第11章──思わぬ客人Ⅰ
思わぬ客人
Ⅰ
今から約千三百年も昔――――秩父で和銅が発見された。
純度の高い和銅発見は、日本の歴史に秩父の名を残す慶事であった。和銅発見及び献上を喜んだ朝廷は、銅山の山上に金山彦尊を祀るも、改めて吉方に純度の高い和銅石をご神体とする聖神社を創建した。神社創建を祝って都からは勅使が遣わされ、なんと和銅で造られたムカデが元明天皇から下賜された。これは今も御神宝として、和銅石と共に宝物殿に収められている。
現在の聖神社の社殿は、今宮神社旧本殿を移築改修したもので、元の旧本殿は脇に移されて、大国主命を祀る和銅出雲神社として奉斉されている。

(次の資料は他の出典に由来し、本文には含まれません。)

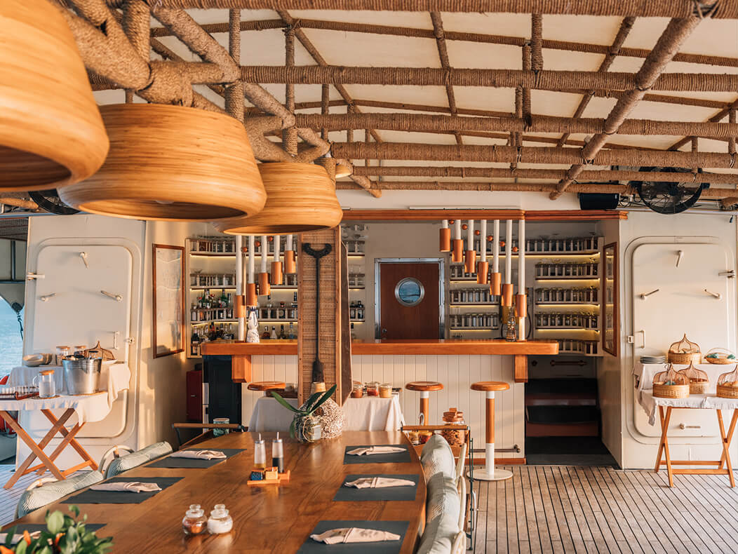 While most other boats have set itineraries, we’re completely flexible based on your interests, passions and desires. We always travel to well-known destinations like Komodo Island and Spice Islands. But where we’re different is that we let the weather, waves, and how you’re feeling drive changes as we go. After all, we’re on water — a place that knows no boundaries. And that means we discover places full of adventure like visiting a village which only sees tourists a couple times a year, swimming through an ancient cave with torches to guide the way, and having sunset cocktails on a beach most other boats have never found.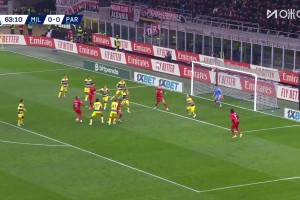 可惜!莱奥接传球小角度抽射,皮球击中门柱错失机会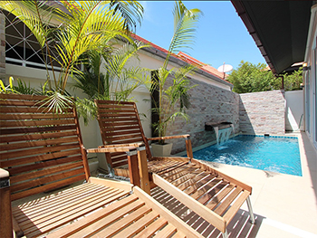 Villa De Bocara Pattaya is located at Pattaya Villa Deluxe, 2 bedrooms, 2 bathrooms, located in The Village, Jomtien, Banglamung, private pool villa with BBQ stove and kitchen.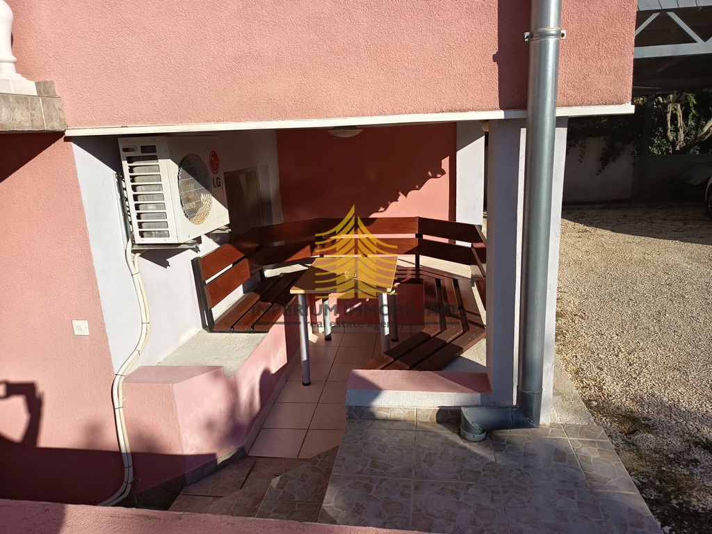 Dodatne prednosti uključuju balkon s kojeg se pruža pogled prema moru, podrum za dodatni prostor i organizaciju, dvorište idealno za boravak na otvorenom, kao i natkriveno parkiralište i parkirno mjesto. Grijanje i hlađenje osigurani su klima uređajem i električnim instalacijama, što omogućuje ugodnu temperaturu tijekom cijele godine.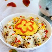 米饭、胡萝卜、牛肉、黄瓜、嫩玉米粒、鸡蛋、番茄酱。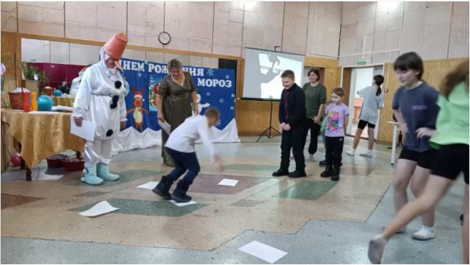 Затем появился помощник Деда Мороза – весёлый Снеговик. Он сообщил, что сам именинник приедет к нам на ёлку в декабре, а пока предложил повеселиться от души. Снеговик и ведущая провели шуточные конкурсы и подвижные игры, где дети показывали ловкость и смекалку.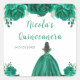 This Quinceanera sticker features faux glitter green floral flowers and a beautiful princess with brown hair and an elegant dress. This is perfect for a Quinceanera birthday party.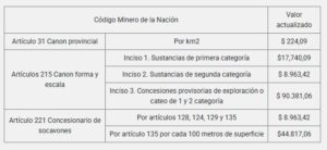 ARTÍCULO 1°.- Actualízase el valor del canon anual por pertenencia, de conformidad con lo establecido en la resolución 90 del 11 de julio de 2023 de esta secretaría (RESOL-2023-90-APN-SM#MEC), de la siguiente manera:
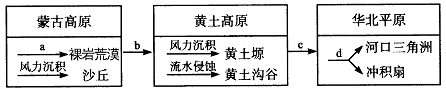 31、蒙古高原、黄土高原和华北平原因外力作用在成因上具有一定的联系。图8中各字母表示不同的主导外力作用类型,读图回答(1)-(2)题。
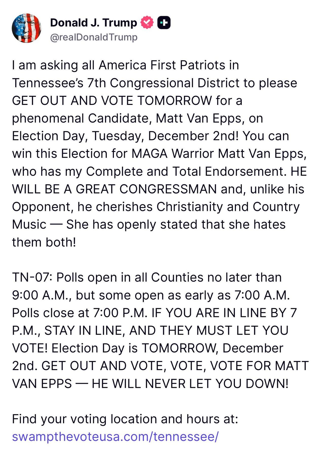 🚨🔥刚刚发布:川普总统的紧急呼吁~ 💥我们绝不能让一个川普+22 (意指在上一次总统选举中,这个选区川普比拜登多赢了 22 个百分点)的选区在明天翻蓝!

さて、元明天皇から下賜されたムカデ型の銅にはどのような意味があるのだろうか?一説によると朝廷は聖神社の鎮座祭に文武百官を遣わす代わりに、和銅のムカデを参列させたということだ。ムカデは百足と称されることから、和銅ムカデを文武百官に見立てて代参させたらしいが──これはなかなか洒落ている。
○
急ぎ足で白の国の最南端へと向かっていた錫だったが、いしの背中に乗ればひとっ走りなのにと、いしを恋しく感じていた。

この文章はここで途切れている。